## Task requirements
Print exactly the lines below between the line containing "Каталог на древногръцките" and the line containing "On May 16, 2006, the", counting both of those lines. Leave pictures out.

## Supplied information
····················

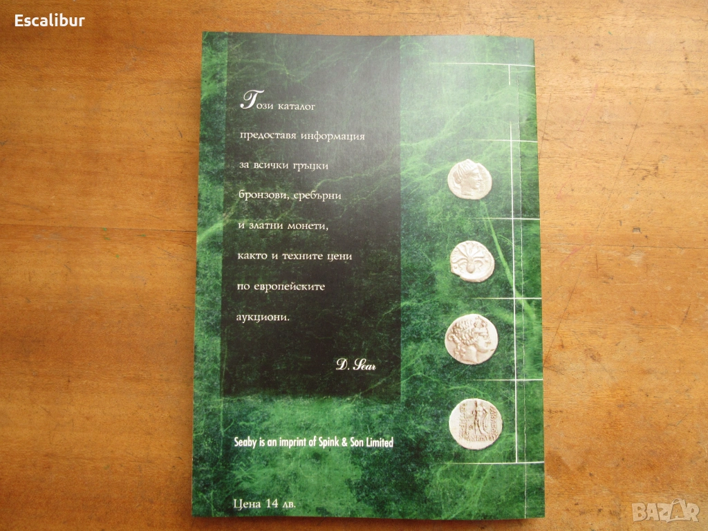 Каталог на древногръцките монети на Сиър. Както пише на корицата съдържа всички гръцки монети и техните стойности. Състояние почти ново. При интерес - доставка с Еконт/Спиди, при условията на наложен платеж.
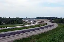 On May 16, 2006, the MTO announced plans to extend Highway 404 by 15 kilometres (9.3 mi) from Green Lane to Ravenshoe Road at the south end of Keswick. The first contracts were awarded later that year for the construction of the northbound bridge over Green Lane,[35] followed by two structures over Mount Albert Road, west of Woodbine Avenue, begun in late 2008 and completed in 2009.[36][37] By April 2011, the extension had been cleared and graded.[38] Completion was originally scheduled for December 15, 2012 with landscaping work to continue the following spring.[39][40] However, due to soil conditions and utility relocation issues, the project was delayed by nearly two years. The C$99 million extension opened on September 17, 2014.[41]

····················

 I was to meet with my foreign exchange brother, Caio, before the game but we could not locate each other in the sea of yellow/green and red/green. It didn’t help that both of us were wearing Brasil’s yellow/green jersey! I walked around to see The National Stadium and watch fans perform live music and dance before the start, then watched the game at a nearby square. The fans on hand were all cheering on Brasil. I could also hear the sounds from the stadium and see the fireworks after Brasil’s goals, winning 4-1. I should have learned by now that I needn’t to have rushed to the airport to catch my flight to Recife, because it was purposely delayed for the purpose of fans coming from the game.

····················

## Answer area
 Каталог на древногръцките монети на Сиър. Както пише на корицата съдържа всички гръцки монети и техните стойности. Състояние почти ново. При интерес - доставка с Еконт/Спиди, при условията на наложен платеж.
 On May 16, 2006, the MTO announced plans to extend Highway 404 by 15 kilometres (9.3 mi) from Green Lane to Ravenshoe Road at the south end of Keswick. The first contracts were awarded later that year for the construction of the northbound bridge over Green Lane,[35] followed by two structures over Mount Albert Road, west of Woodbine Avenue, begun in late 2008 and completed in 2009.[36][37] By April 2011, the extension had been cleared and graded.[38] Completion was originally scheduled for December 15, 2012 with landscaping work to continue the following spring.[39][40] However, due to soil conditions and utility relocation issues, the project was delayed by nearly two years. The C$99 million extension opened on September 17, 2014.[41]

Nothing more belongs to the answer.